Lincoln Ramblers Football Club was an English football club from Lincoln.

==History==
The club was formed 1878 and played local matches only before entering the FA Cup in 1887–88. The Ramblers were drawn at home to Notts County, but agreed to switch the tie to County's Trent Bridge ground. Despite Notts starting with only ten men, the half-time score was 6–0 to County, and the Ramblers conceded three more in the second half.

The club recovered from this defeat to go on its best run in the Lincolnshire Senior Cup in 1888–89, reaching the semi-final, where the club lost 5–0 to Grimsby Town at the John O'Gaunt's ground, despite borrowing

Smith from Gainsborough Trinity and five players from Lincoln City Swifts (the Cits' reserve XI) for the match. The Ramblers' fans did not take kindly to the defeat, pelting the Grimsby players with stones and orange peel, and forcing them to require a police escort back to the club's hotel.

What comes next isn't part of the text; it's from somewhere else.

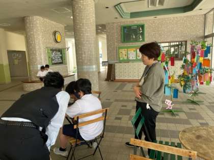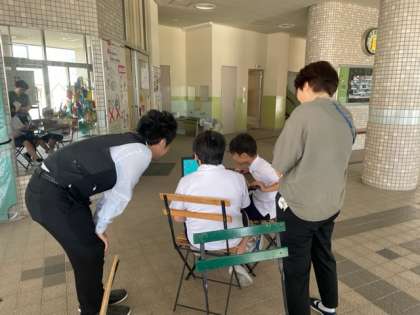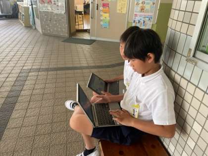 ICT支援員さんが来てくださる日の20分休憩は、ピロティがわくわくタブレットルームに変わります。
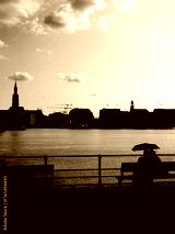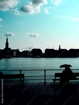 rainy day at the city lakeside, people with umbrellas, romantic atmosphere, vintage style

The tie was the club's last competitive match, as the Lincolnshire Football Association suspended the club afterwards for "objectionable conduct" - i.e. the borrowing of the Lincoln City players - until the start of 1890. The players concerned were suspended until August 1889. Only one other match is recorded to the club, at Sleaford Town in February 1891.

==Colours==

The club's colours were black, with a white sash.

==Ground==

The club played at the Cowpaddle ground, using the Chaplin Arms as headquarters.